The NYT somewhat misrepresents Tony Blair’s speech to his party conference yesterday, arguing in a headline that the prime minister had offered a partial apology for deposing Saddam. He didn’t. He merely said that he took responsibility for the wrong information that led to the invasion. It was more eloquent and more candid than anything Bush has said. And precisely because it was so candid his defense of the war – now – is more persuasive. He sticks to his view that we are indeed in a global war against Jihadist fanatics who are intent on our obliteration:
If you take [this]view, you don’t believe the terrorists are in Iraq to liberate it. They’re not protesting about the rights of women – what, the same people who stopped Afghan girls going to school, made women wear the Burka and beat them in the streets of Kabul, who now assassinate women just for daring to register to vote in Afghanistan’s first ever democratic ballot, though four million have done so? They are not provoked by our actions; but by our existence. They are in Iraq for the very reason we should be.

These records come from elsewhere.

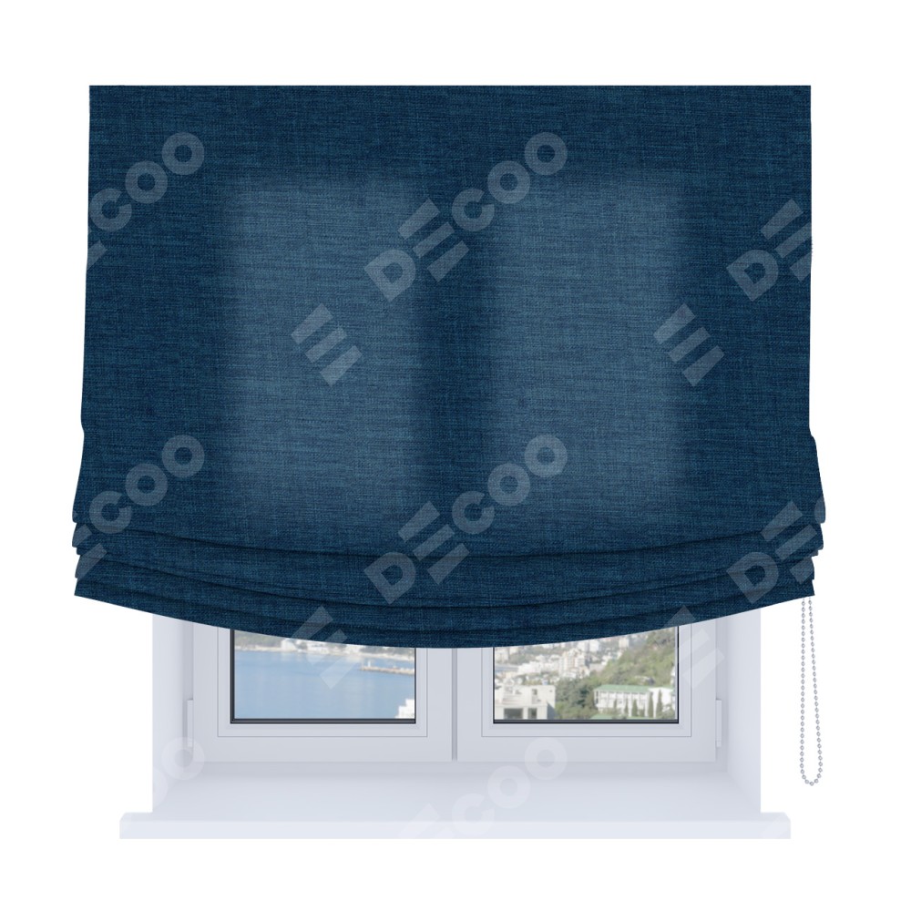 Римская штора «Кортин», лён синий, Soft с мягкими складками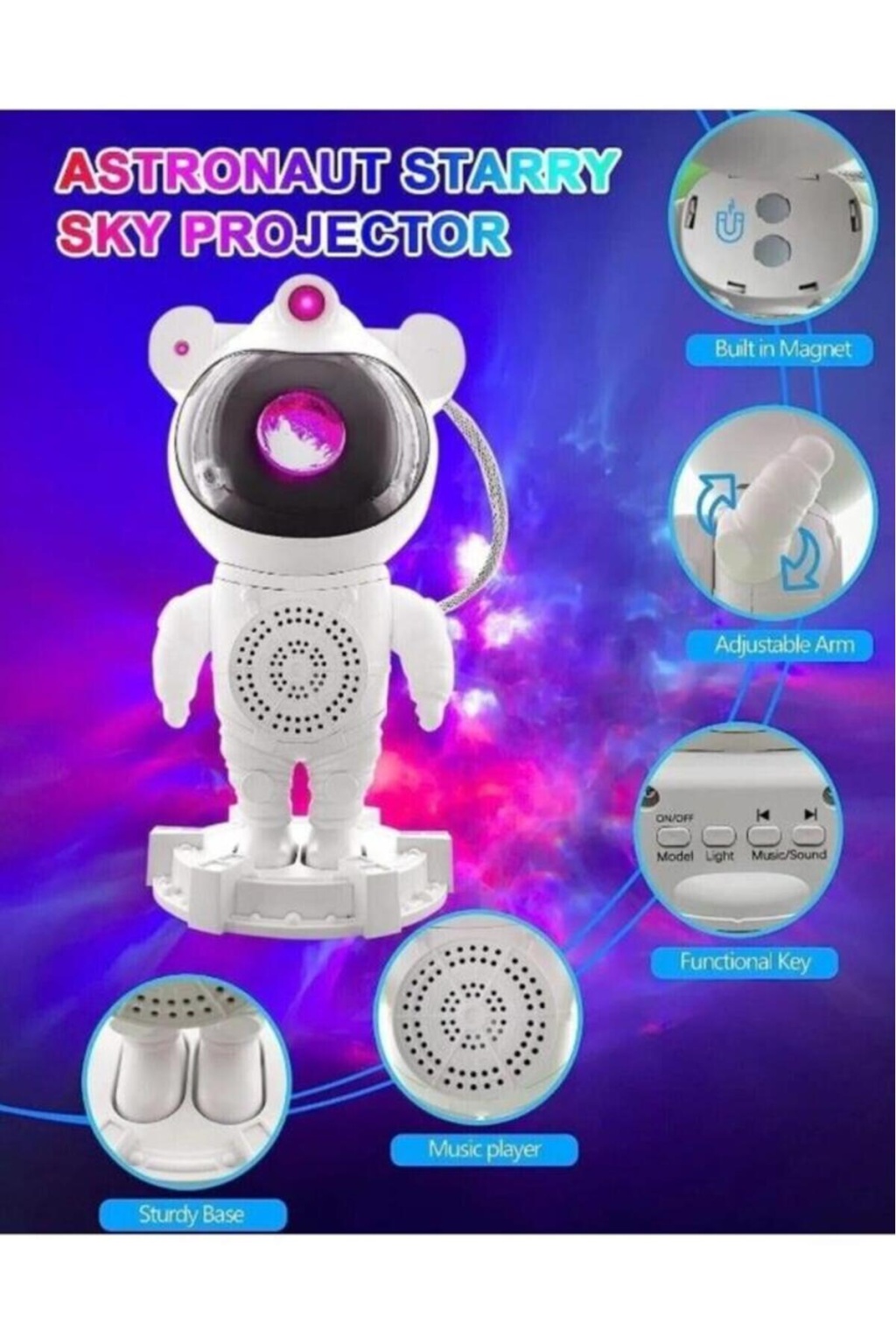 Ürün Bluetoothludur.Telefon ile bağlantı yapılıp müzik dinlenebilir.Kendi içerisinde müzik mevcuttur kuş cıvıltısı dalga sesi sömine ateş sesi uyku müziği nebula yıldız ve ay yansıtmalıdır.Ana malzeme: ABS + PC + PVC + TPEÜrün boyutu: 120*113*228mmPaket boyutu: 123*115*240mmÜrün brüt ağırlık: 655g ÜrününNet ağırlığı: 487gDış kutu boyutu: 505*390*485mmAnma gerilimi: 5V/1AAnma gücü: 5WGüç modu: USB kablosu güç kaynağına bağlıStandart ürün konfigürasyonu:Astronaut projeksiyon lambası * 1 Taban * 1USB güç kablosu * 1İngilizce eğitimi * 1Uzaktan kumanda * 1(2 No.pil gereklidir, kutuda pil hariçtir.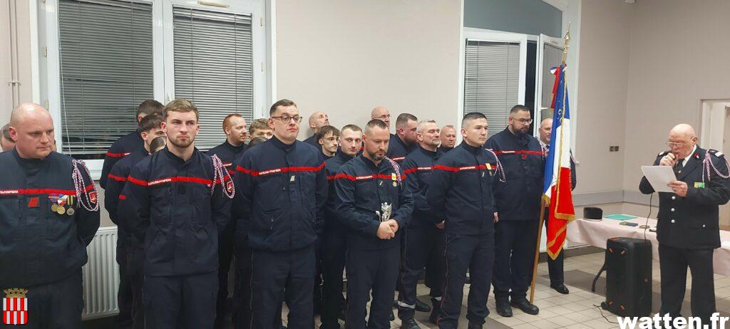 Une minute de silence a été observée à la mémoire des pompiers décédés, dont l’un encore récemment en portant secours pour un accident sur l’A16. La cérémonie s’est déroulée en présence du commandant Cyrille Girard adjoint au chef de groupement, et du commandant Cédric Liagre du pôle santé du groupement, qui a salué le rôle des sapeurs-pompiers pour porter assistance et secours, un discours relayé par celui du maire de Watten, Daniel Deschodt.

They have chosen this battleground because they know success for us in Iraq is not success for America or Britain or even Iraq itself but for the values and way of life that democracy represents. They know that. That’s why they are there. That is why we should be there and whatever disagreements we have had, should unite in our determination to stand by the Iraqi people until the job is done.
A-frigging-men. Yes, I’ve been alarmed at the gross mismanagement of the war; and I do not believe it helps our effort to minimize or ignore it. But Blair reminds us why this current struggle in Iraq is indeed a critical struggle in the war. The reason, I think, that George W. Bush is now ahead is simply because he reminded people in New York City that this is indeed the struggle; and because people don’t believe Kerry has the will and steadiness to win it. To put it bluntly, I don’t believe Iraq is a “diversion” from the war on terror; I believe it’s the central front. If you share this view, Blair’s view, it’s extremely hard to support Kerry.

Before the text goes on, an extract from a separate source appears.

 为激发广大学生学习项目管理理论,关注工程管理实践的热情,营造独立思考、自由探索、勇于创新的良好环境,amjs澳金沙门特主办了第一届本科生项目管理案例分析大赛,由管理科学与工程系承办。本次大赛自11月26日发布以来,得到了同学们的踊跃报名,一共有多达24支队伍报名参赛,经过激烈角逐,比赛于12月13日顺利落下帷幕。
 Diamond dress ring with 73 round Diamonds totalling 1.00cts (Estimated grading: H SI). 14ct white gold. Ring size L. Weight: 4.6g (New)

THE UN-KERRY: And Blair’s indirect rebuff to the senator from Massachusetts is clear enough. Here it is:
When I hear people say: “I want the old Tony Blair back, the one who cares”, I tell you something. I don’t think as a human being, as a family man, I’ve changed at all. But I have changed as a leader. I have come to realise that caring in politics isn’t really about “caring”. It’s about doing what you think is right and sticking to it. So I do not minimise whatever differences some of you have with me over Iraq and the only healing can come from understanding that the decision, whether agreed with or not, was taken because I believe, genuinely, Britain’s future security depends on it. There has been no third way, this time. Believe me, I’ve looked for it.

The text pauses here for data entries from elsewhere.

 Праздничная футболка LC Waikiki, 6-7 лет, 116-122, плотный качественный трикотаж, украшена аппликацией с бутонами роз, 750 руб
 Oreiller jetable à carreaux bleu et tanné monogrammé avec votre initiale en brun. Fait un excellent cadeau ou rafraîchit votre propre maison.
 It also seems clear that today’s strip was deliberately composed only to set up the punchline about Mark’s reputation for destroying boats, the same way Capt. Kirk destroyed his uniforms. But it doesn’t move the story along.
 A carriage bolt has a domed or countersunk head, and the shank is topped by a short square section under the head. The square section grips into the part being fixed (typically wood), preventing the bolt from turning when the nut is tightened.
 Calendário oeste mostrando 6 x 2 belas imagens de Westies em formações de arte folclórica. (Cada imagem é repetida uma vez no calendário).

To all those on the left who seem to have forgotten that in this war against Islamo-fascism there is indeed no third way, take a look at Blair’s speech. Social justice means nothing if we are obliterated by a dirty bomb, nothing if we see our freedoms destroyed by an Islamic religious right with WMDs. And it is obscene for some people who claim to believe in progressive ideas to be finding indirect solace from the acts of Jihadist thugs. Hitch is dead-on in this respect. Bush deserves to be scolded for his arrogance, his divisiveness, and his incompetence. But not for his fundamental judgment about the world we live in. There, he’s right. And Kerry’s wrong. And that, in the end, may be all that matters.